I’ll cry soon… sniff

-Kieren

system · August 5, 2001, 6:55am

hi

perhaps you should try to split your terrain up in several “vertex-buffers”. some buffers will never be touched in a particular frame. that saves some memory bandwith, i think . …

if you’re using a GPU (geforce, radoen) use the appropriate extensions (fences for geforce) to make use of parallelism.

just my 2 cents

freakyboy

Fugit · August 5, 2001, 12:01pm

That made no difference either… grr

…sniff…sob…

zed · August 5, 2001, 12:07pm

basically youre not drawing enuf polygons in one call
using fans u would do i assume 8 tris per call.

try to draw as many tris per call (but not to many, this varies but if u stick to under 4000 vertices u should be ok)

without using extensions
fastest is glDrawArrays()
then glDrawElements()
…
begin…end()

BUT if the geometry changes (ROAM) using begin…end might be quickest.

CVA’s occur a perfromance hit, they only should be used if u draw the geometry with multiple passes.

in my game i believe i render blocks of 4x4 quads. rendered as tris is 4x4x2 = 32 tris per call i one degenrant tri_strip, but only cause i change textures quite a bit + cause i use quite fine culling.

from my experiments (which ive done quite a bit)

with these sized blocks 8x8,16x16,32x32
a 16x16 block is the quickest. 16x16x2 = 512 tris plus degenerants

system · August 5, 2001, 1:03pm

I just (finally) solved a similar problem with Bezier patches. I’m also doing dynamic LOD with crack fixing at the edges, and I wanted to figure out how to do this without changing my vertex arrays or sending unecessary verts to OpenGL.

After much experimentation, I came up with an algorithm that I like Instead of storing the verts for each patch linearly (top to bottom, left to right, or whatever), I store them in the order that they are used, from lowest LOD to highest. For example, the lowest LOD just uses the four corner verts, so those are 0, 1, 2 and 3 in the array. The next LOD adds five internal verts, so those are 4, 5, 6, 7 and 8 in the array. And so on.

This way, your indices for any given LOD will not be spread randomly around the vert array (which results in unecessary transformations).
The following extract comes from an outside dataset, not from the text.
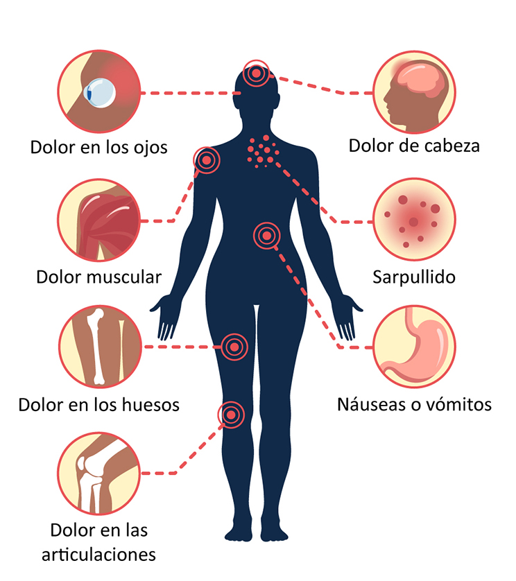 Es un cuadro febril con erupción cutánea y dolores musculares, entre otras. Los síntomas del dengue se inician después de un período de incubación que puede variar de cinco a ocho días tras la picadura y las personas suelen presentar

I don’t know if this will be helpful to you, and the details of implimentation are non-trivial (at least it took me a while to work out But in short, figuring out how to use vertex arrays efficiently with dynamic tessellation is tricky, so I sympathize

Fugit · August 5, 2001, 11:00pm

Well, thanks for all your input… but I’ve decided to create my own mixture
Basically, I will fill up a buffer with triangle fans - probably by specifying the base point, number of fan points, then the fan points. This is because I tried using glBegin()/glEnd() as an alternative to glDrawElements() (i.e., I drew the buffer myself) with a slight performance INCREASE
So, I thought, why not just optimize that more and use fans? I’ll try that when I get back from London today, I’ll try to post the results here… I’m sure you’re all simply dying to know the outcome…
Well, bye bye

Thanks again everyone

-Kieren